[Task prompt]: Repeat exactly the lines below from the line that contains "Berkas pelaksanaan Surat" to the last line, inclusive, without the pictures.

[Dataset section]:
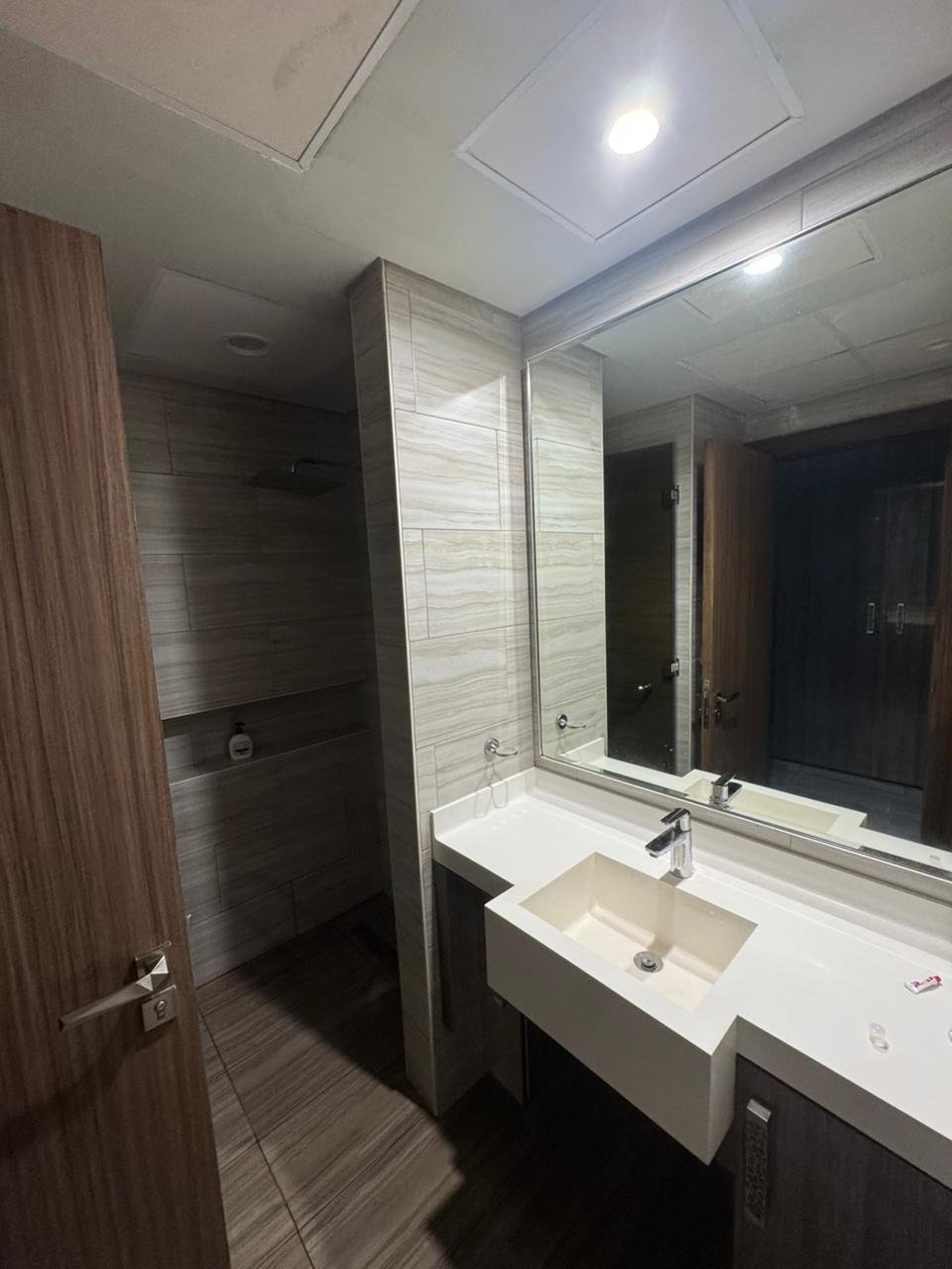 Complex infrastructure: gym with steam room and sauna, outdoor pool at podium level, recreation terrace, barbecue area, five levels of parking, retail stores, restaurants, cafes.
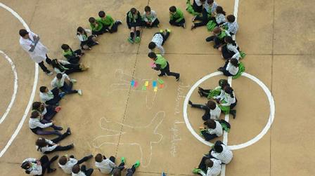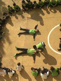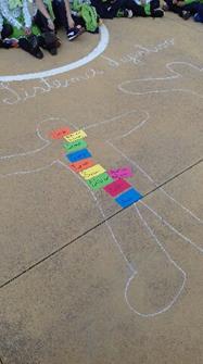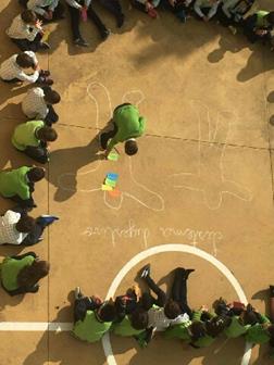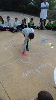 Para dar início a esta aula, foi pedido a dois voluntários, para se deitarem no chão, para que fossem desenhados os seus corpos. De seguida, os professores das respectivas turmas distribuíram vários cartões com o nome dos órgãos destes sistema, de forma a que os alunos colocassem os mesmos no local correto.
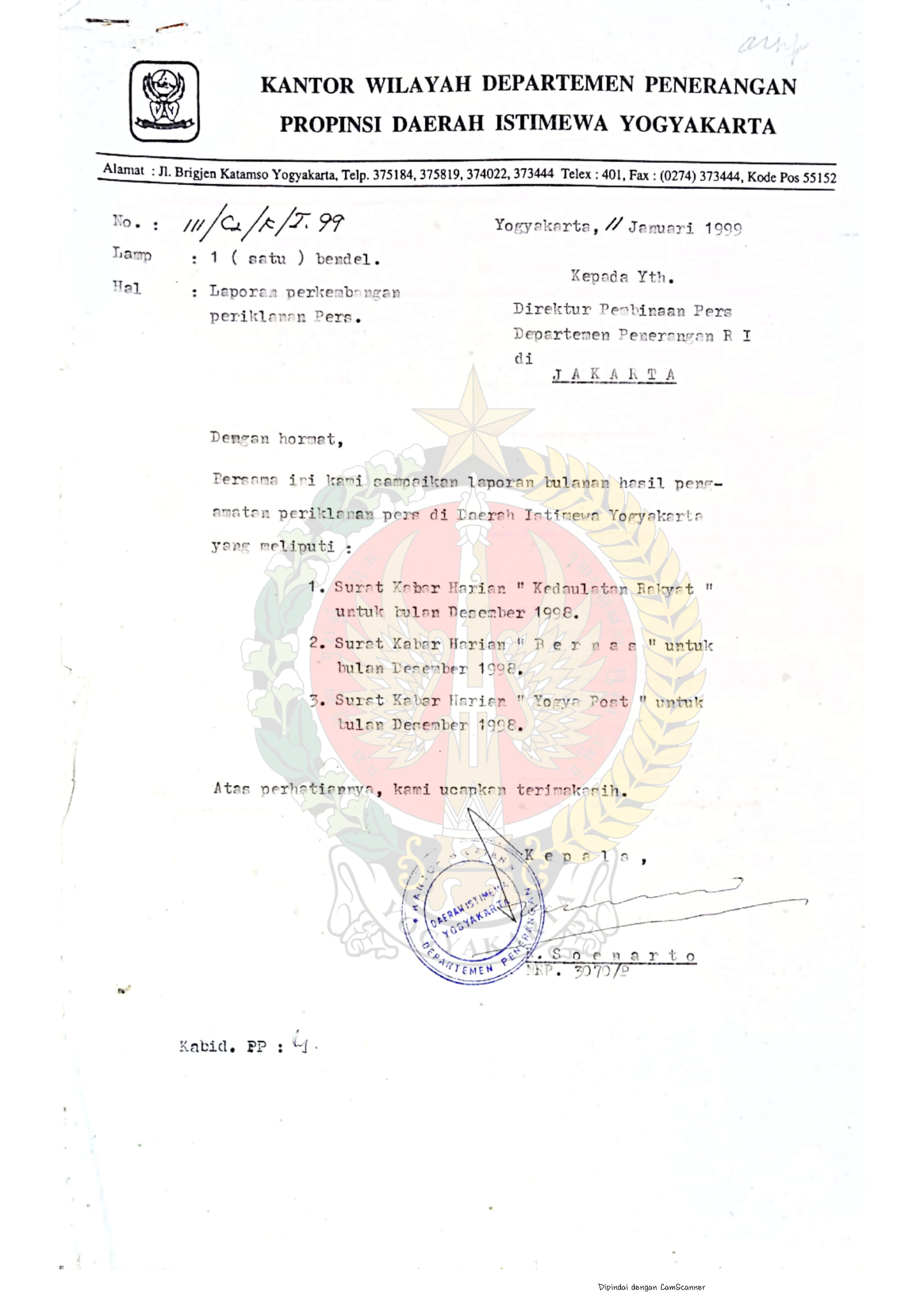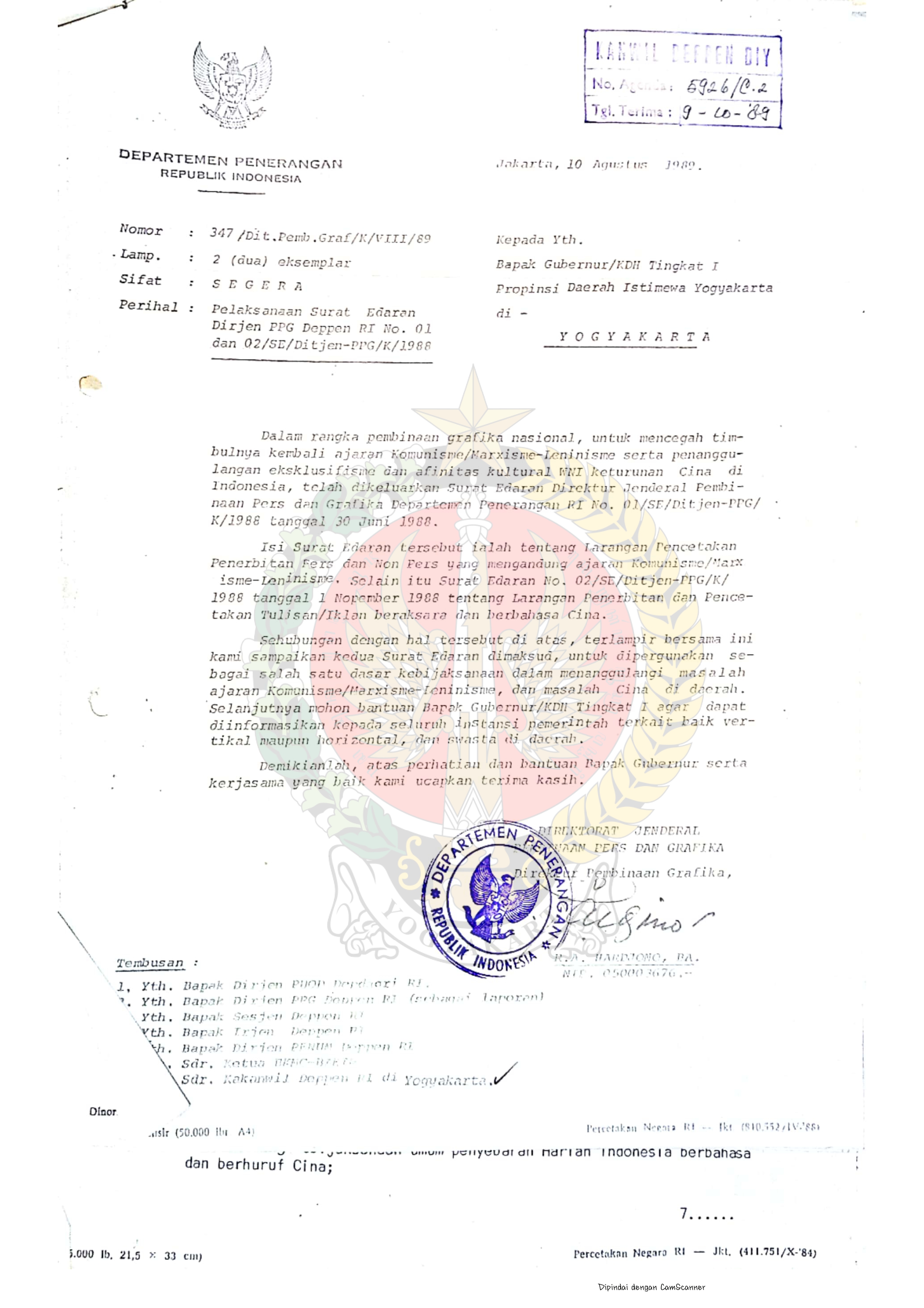 Berkas pelaksanaan Surat Edaran Direktorat Jenderal Pembinaan Pers dan Grafika Departemen Penerangan Republik Indonesia Nomor : 01 dan 02/SE/Ditjen-PPG/K/1988 isi surat edaran tersebut adalah larangan percetakan penerbitan pers dan non pers yang mengandung Komunisme/Marxisme-Leninisme, dan tulisan/iklan beraksara dan berbahasa Cina.
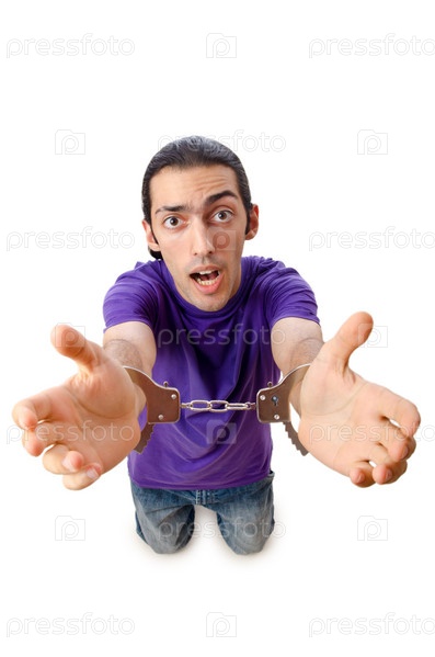 Молодой мужчина в наручниках на белом фоне

[Result]:
 Berkas pelaksanaan Surat Edaran Direktorat Jenderal Pembinaan Pers dan Grafika Departemen Penerangan Republik Indonesia Nomor : 01 dan 02/SE/Ditjen-PPG/K/1988 isi surat edaran tersebut adalah larangan percetakan penerbitan pers dan non pers yang mengandung Komunisme/Marxisme-Leninisme, dan tulisan/iklan beraksara dan berbahasa Cina.
 Молодой мужчина в наручниках на белом фоне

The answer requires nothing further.